The Co-Si-B amorphous wires having the negative magnetostriction comprises shell and core domains and exhibits the re-entrant flux reversal as the Fe-Si-B wire with positive magnetostriction. One of the characteristic features of Co based wires is that a sharp pulse voltage generation between two wire ends (Matteucci effect) is accompanied with re-entrant flux reversal, which is useful for sensor application because of no need for sense windings. In this work, we studied the origin of the large Matteucci effect of Co-Si-B wires by domain observation with a Kerr microscope and by Sixtus–Tonks experiments by driving the reverse domain propagation with the circular fields generated by the current through wires. We also tried to measure the hysteresis loop in the circular direction by integrating the Matteucci voltage.
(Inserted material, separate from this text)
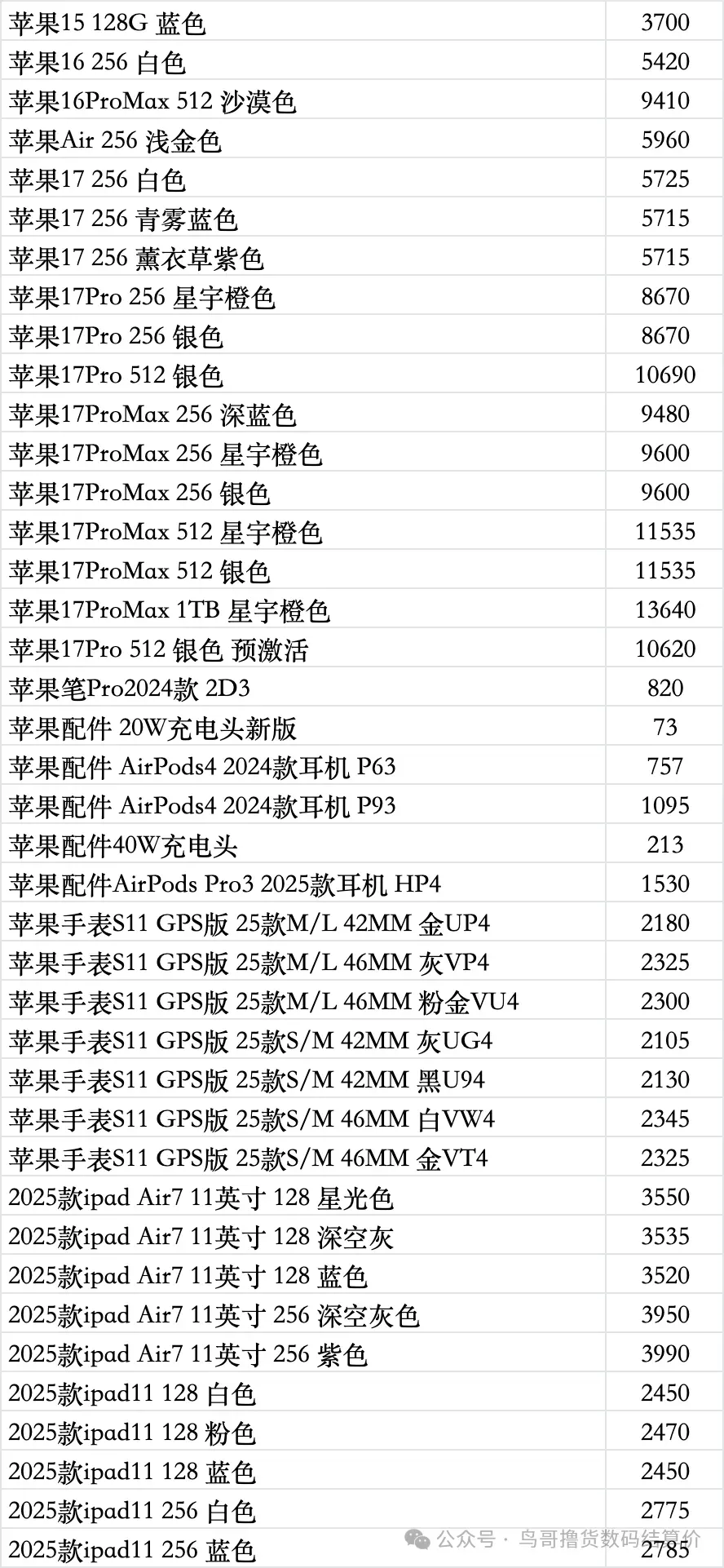 | 鸟哥收货iphone/ipad/手表系列结算价(前一天的结算价) |

It was found that the domain patterns of the Co-Si-B wire surface is not the previously reported bamboo configuration but the helical configuration. Most of the anisotropy of the amorphous materials is magnetostrictive in origin. The helical anisotropy of Co based wire seems consistent, if we assume the same residual stress distribution as in the steel rod quenched into the water. Because of the helical anisotropy, the Co wire has the big circular component of magnetization in the core domain as well as in the shell domain, and both domain can interact near the interface region. It was found that reverse domain propagation along the wire axis can be caused by application of the circular field and that the shell domain moves discontinuously during the re-entrant flux reversal in the core domain. These circular magnetization components in both core and shell domains due to helical anisotropy and their interaction seems responsible for the large Matteucci effect in the Co-Si-B wires.